La buona notizia è che un vaccino, quando ce ne sarà uno efficace, potrà funzionare contro il Sars-CoV-2, perché è un virus "molto stabile": i ricercatori del Niguarda di Milano e del San Matteo di Pavia hanno trovato appena sette mutazioni genetiche su trentamila basi sequenziando il genoma virale nei tamponi prelevati tra il 22 febbraio e il 4 aprile a 346 malati delle 12 province lombarde. L’altra faccia di questa "variabilità scarsa" emersa dallo studio finanziato dalla Fondazione Cariplo – sinora il più vasto al mondo per distacco sul sequenziamento del Coronavirus in una stessa area – è che "non c’è nessuna evidenza che sia diventato più buono".

Dunque le ragioni per cui la Covid, cioè la malattia, appaia in questo momento, in Italia, complessivamente meno aggressiva, vanno cercate altrove rispetto a un ipotetico ’adattamento’ di un virus "che a differenza della Sars e della Mers dal punto di vista biologico sembra fatto per restare", chiarisce Carlo Federico Perno, già direttore della Medicina di laboratorio del Niguarda. Dice di "non aver mai visto, in 28 anni da virologo, un’infettività simile" a quella del Sars-CoV-2, che ieri in Italia ha registrato altri 12 decessi e 276 nuovi contagi (erano 229 giovedì), di cui 53 in Emilia Romagna e 29 riconducibili alla Tnt di Bologna, secondo focolaio nella logistica della città felsinea dopo quello della Bartolini.

Sono i focolai, "in parte importati dall’estero", ha spiegato ieri Gianni Rezza del Ministero della Salute, a far superare quota 1 all’indice di contagio Rt in cinque regioni (Emilia Romagna 1,2; Veneto 1,2; Toscana 1,12; Lazio 1,07; Piemonte 1,06) e a mantenere la situazione epidemiologica, dice l’Istituto superiore di sanità, "estremamente fluida".
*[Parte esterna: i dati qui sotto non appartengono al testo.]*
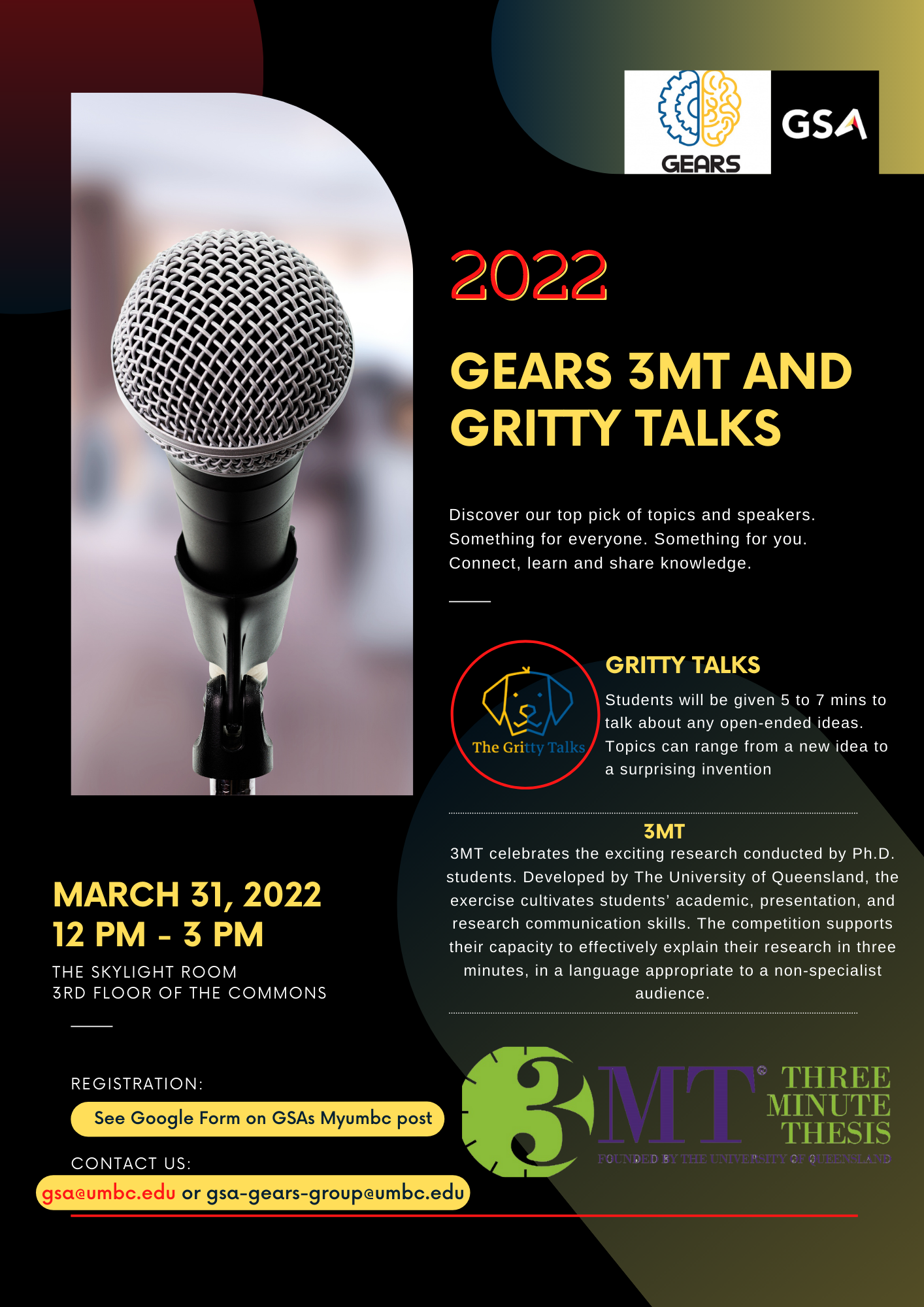 Click Here to Register as in attendance at this years annual 3 Minute Thesis/Gritty Talks. Registration is Due by March 23rd

Anche ieri quasi metà dei nuovi contagiati (135) erano lombardi, e lo studio San Matteo-Niguarda fornisce una spiegazione di cosa sia successo nella regione che ha registrato il 40% dei 242.639 casi e il 47% dei 34.938 morti in Italia durante la pandemia. "Parlando coi dati e con la necessaria umiltà", rimarca Fausto Baldanti, responsabile del laboratorio dell’Irccs di Pavia, nei confronti di "un nemico ignoto sul quale quello che non sappiamo è molto più di quello che sappiamo", sottolinea anche l’immunologo Alberto Mantovani. I ricercatori hanno individuato in Lombardia quattro varianti genetiche del ceppo ’europeo’ del Sars-CoV-2, concentrate in due "linee" o catene maggiori di trasmissione virale: una si è diffusa nel Nord della regione, nella Bergamasca e anche a Milano, a partire dal 24 gennaio; l’altra almeno dal 27 gennaio nel Sud di Lodi e Cremona, e quest’ultima presenta tre varianti.

"La Lombardia è stata attaccata dal virus contemporaneamente e su più fronti", traduce il professor Perno. E il virus, aggiunge il professor Baldanti, "circolava sottotraccia, probabilmente mascherato dall’influenza, almeno da metà gennaio", come confermano gli anticorpi trovati nel 23% dei donatori di sangue dell’ex zona rossa del Lodigiano.